◆ Exercise details ◆
Print only the lines below from the one with "retornos_diarios_multiplos = precos_adj.pct_change()" to the one with "# 다이나믹 프로그래밍을 위한 1차원 DP 테이블 초기화", both included, exactly as they stand. Leave pictures out.

◆ Data supplied ◆
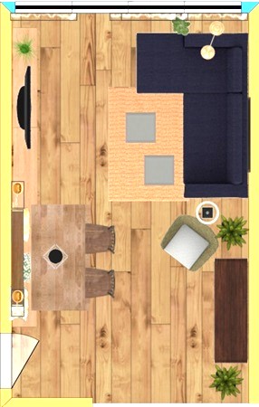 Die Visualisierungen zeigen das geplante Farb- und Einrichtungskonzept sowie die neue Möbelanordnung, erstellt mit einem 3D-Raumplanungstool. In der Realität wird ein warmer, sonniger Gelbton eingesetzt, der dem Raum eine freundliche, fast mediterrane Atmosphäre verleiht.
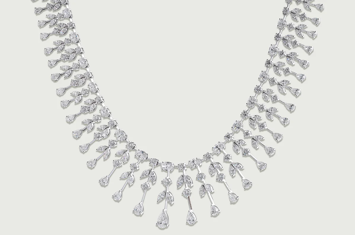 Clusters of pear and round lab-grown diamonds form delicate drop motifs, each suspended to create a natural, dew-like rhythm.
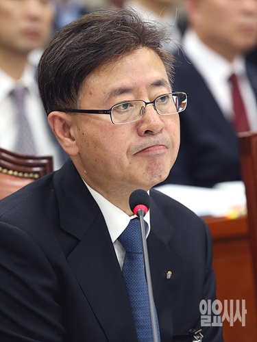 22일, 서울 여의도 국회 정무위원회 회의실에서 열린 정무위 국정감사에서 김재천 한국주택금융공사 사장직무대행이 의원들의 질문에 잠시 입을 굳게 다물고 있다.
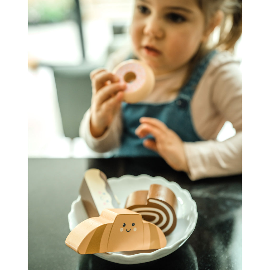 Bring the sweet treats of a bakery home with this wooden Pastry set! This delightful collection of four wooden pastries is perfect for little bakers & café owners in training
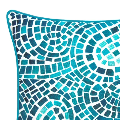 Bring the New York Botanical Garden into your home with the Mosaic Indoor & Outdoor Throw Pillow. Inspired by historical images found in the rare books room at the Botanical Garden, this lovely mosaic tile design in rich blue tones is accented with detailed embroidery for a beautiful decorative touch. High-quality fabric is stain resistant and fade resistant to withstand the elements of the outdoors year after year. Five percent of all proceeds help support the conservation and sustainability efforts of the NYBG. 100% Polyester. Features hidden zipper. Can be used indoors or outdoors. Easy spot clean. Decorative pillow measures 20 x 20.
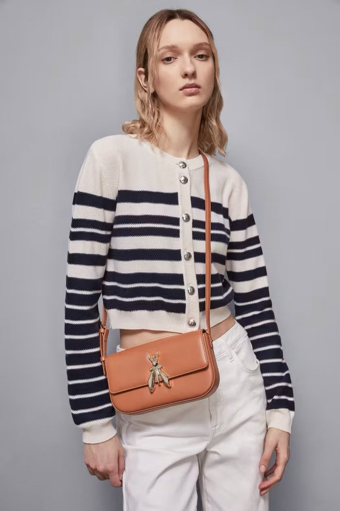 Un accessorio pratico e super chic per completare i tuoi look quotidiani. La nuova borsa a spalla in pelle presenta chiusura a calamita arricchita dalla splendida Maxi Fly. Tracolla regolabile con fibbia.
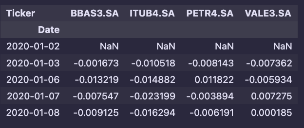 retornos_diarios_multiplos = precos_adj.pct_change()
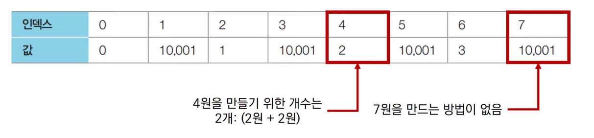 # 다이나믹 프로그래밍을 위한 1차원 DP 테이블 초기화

* * *

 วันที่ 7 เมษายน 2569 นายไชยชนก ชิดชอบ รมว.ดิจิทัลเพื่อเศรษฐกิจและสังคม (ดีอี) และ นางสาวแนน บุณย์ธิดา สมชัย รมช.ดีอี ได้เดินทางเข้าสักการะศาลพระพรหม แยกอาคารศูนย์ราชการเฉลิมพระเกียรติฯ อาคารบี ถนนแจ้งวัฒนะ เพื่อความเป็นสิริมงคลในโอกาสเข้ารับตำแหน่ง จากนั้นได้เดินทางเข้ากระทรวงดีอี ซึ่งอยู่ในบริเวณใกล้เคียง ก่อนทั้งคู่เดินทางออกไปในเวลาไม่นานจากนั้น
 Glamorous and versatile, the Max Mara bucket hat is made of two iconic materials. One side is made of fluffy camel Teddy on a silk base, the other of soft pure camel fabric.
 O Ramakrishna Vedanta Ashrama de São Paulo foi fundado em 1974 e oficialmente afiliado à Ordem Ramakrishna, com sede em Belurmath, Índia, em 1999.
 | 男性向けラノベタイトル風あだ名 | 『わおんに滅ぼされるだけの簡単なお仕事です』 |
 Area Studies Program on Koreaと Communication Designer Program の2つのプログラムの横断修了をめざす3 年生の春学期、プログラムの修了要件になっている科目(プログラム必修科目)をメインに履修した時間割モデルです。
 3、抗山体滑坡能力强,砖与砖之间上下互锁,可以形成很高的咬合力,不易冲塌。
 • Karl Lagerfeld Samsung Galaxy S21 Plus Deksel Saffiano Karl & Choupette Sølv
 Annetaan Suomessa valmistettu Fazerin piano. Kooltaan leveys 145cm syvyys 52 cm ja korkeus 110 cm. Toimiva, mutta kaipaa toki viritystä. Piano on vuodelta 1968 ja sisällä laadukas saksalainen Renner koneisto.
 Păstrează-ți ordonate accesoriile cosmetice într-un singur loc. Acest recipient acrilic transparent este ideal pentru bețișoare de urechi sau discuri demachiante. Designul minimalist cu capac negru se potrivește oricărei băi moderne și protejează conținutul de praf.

---

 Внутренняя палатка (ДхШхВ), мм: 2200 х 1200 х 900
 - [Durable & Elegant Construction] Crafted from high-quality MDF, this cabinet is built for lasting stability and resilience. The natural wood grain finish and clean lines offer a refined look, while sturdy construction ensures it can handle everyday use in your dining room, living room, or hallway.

◆ Task solution ◆
 retornos_diarios_multiplos = precos_adj.pct_change()
 # 다이나믹 프로그래밍을 위한 1차원 DP 테이블 초기화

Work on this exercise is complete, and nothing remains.